### Required action
Within the records that follow, restate exactly the lines from the line with "今日はボールあそびと一人ずつ手形をとりました。" down to the line with "2月22日,北区星锐队特邀球", including both. Omit the pictures.

### Study material
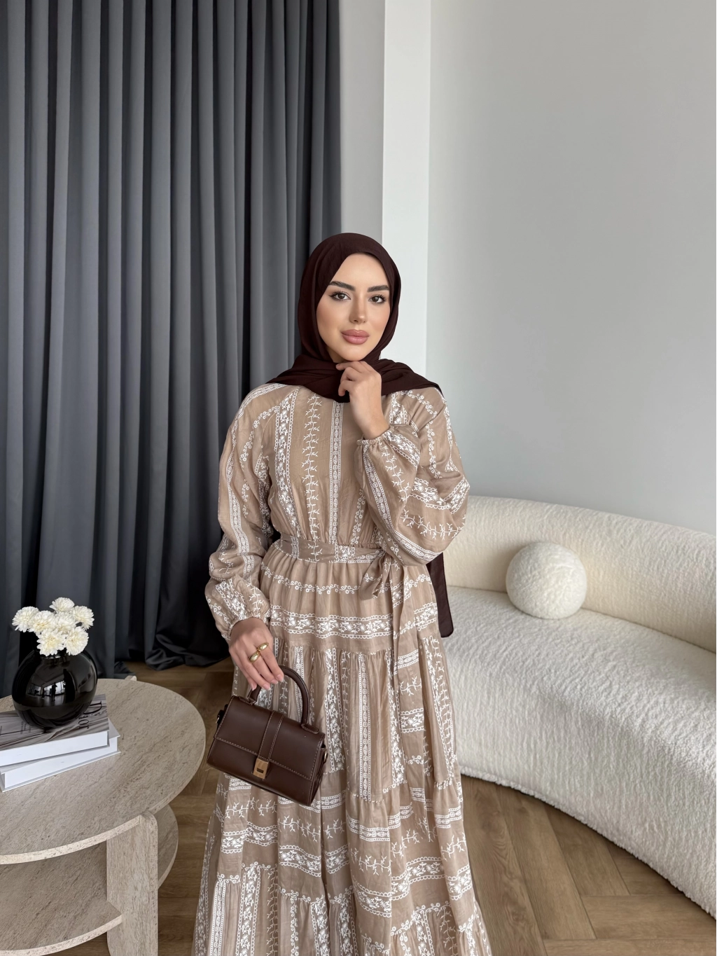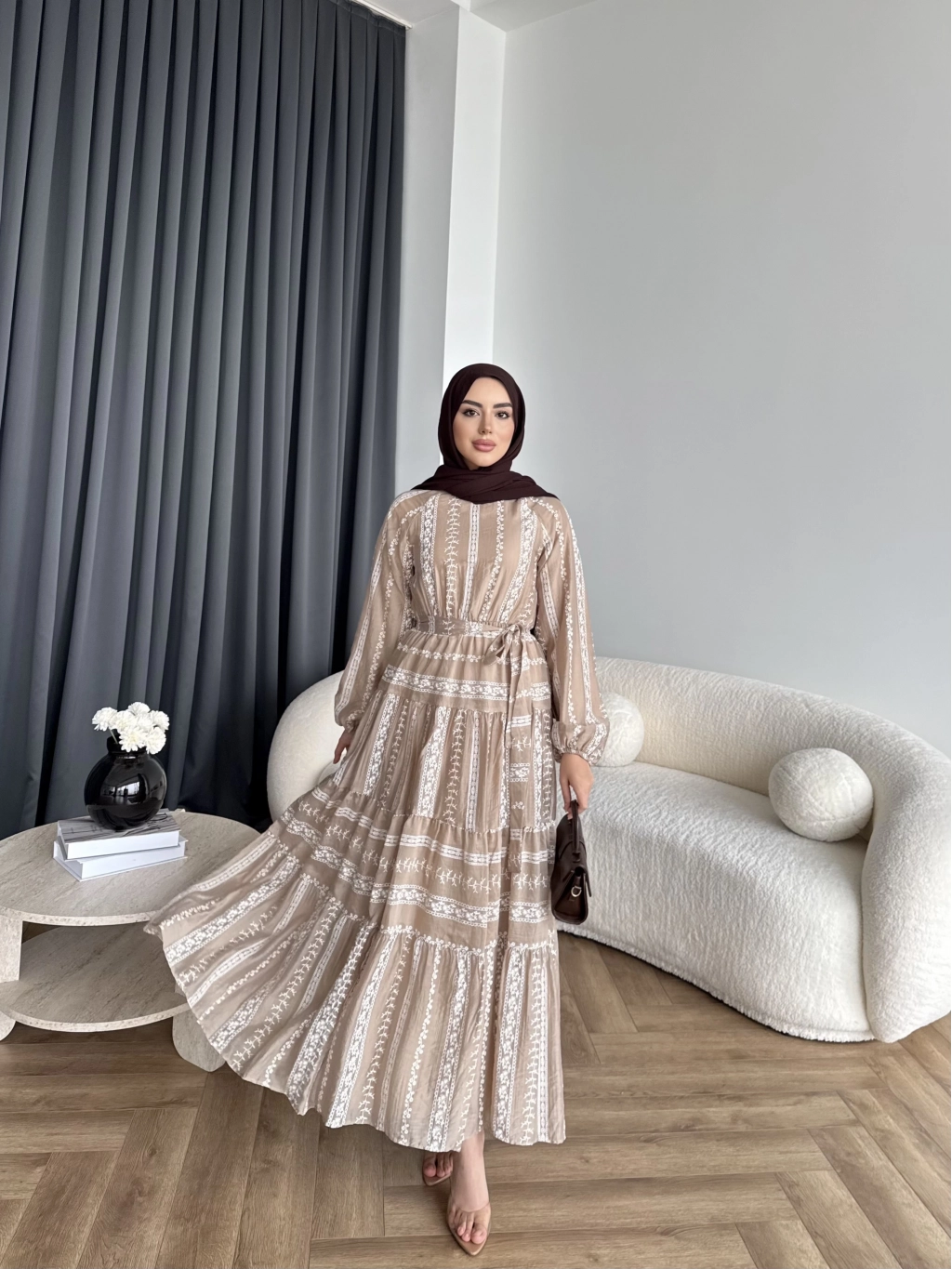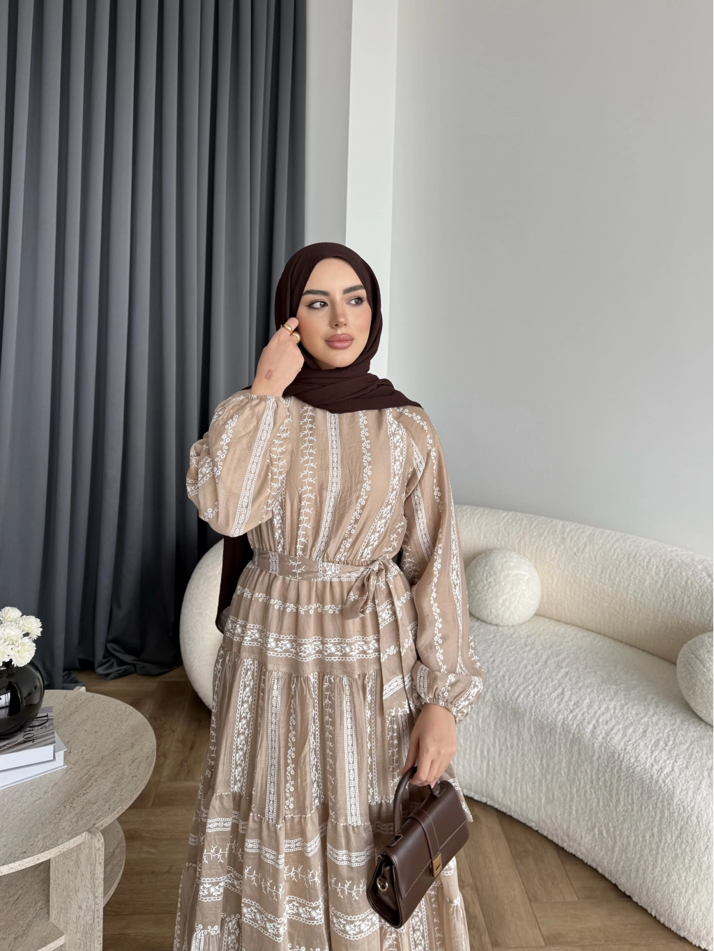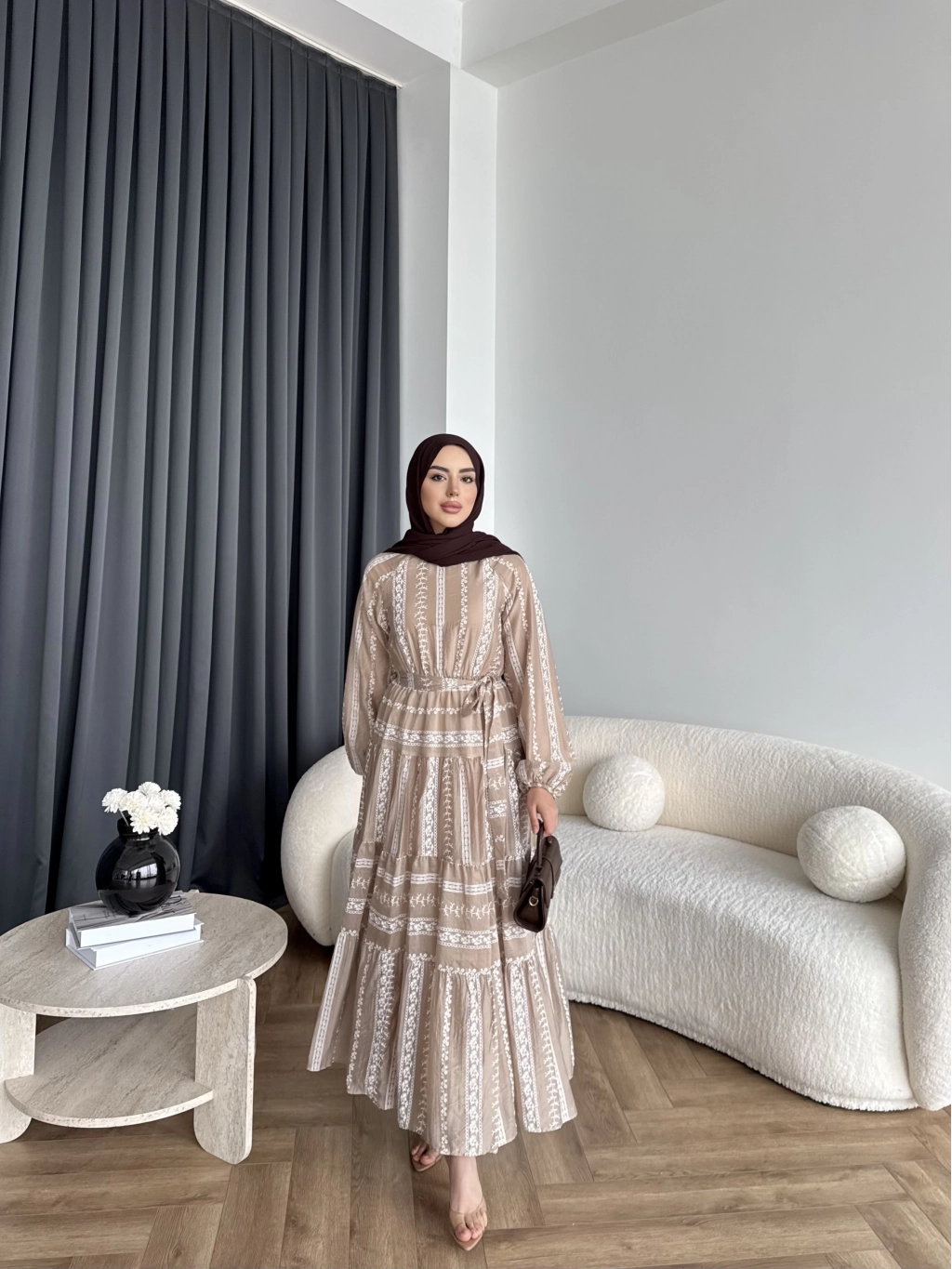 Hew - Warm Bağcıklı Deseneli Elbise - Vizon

* * *

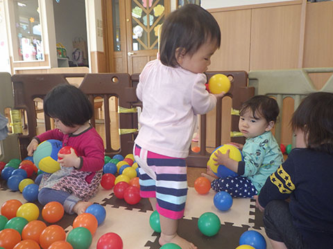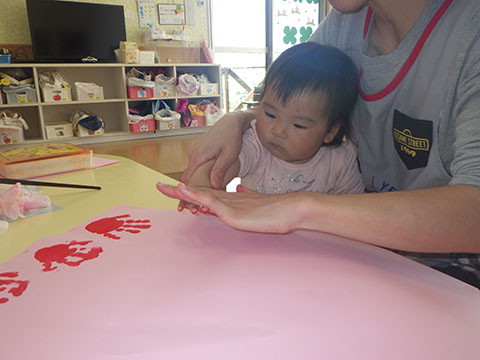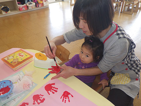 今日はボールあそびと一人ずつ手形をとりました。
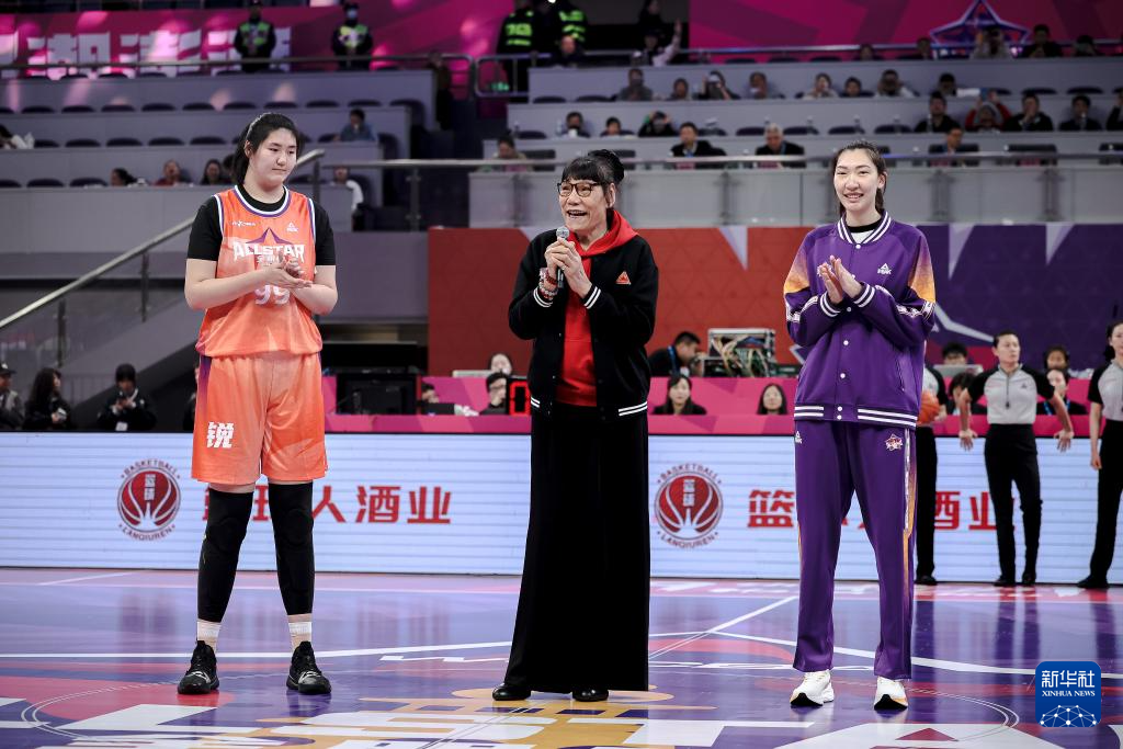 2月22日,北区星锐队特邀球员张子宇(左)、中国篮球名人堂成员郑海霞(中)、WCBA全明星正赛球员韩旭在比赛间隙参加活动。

### Reply to the task
 今日はボールあそびと一人ずつ手形をとりました。
 2月22日,北区星锐队特邀球员张子宇(左)、中国篮球名人堂成员郑海霞(中)、WCBA全明星正赛球员韩旭在比赛间隙参加活动。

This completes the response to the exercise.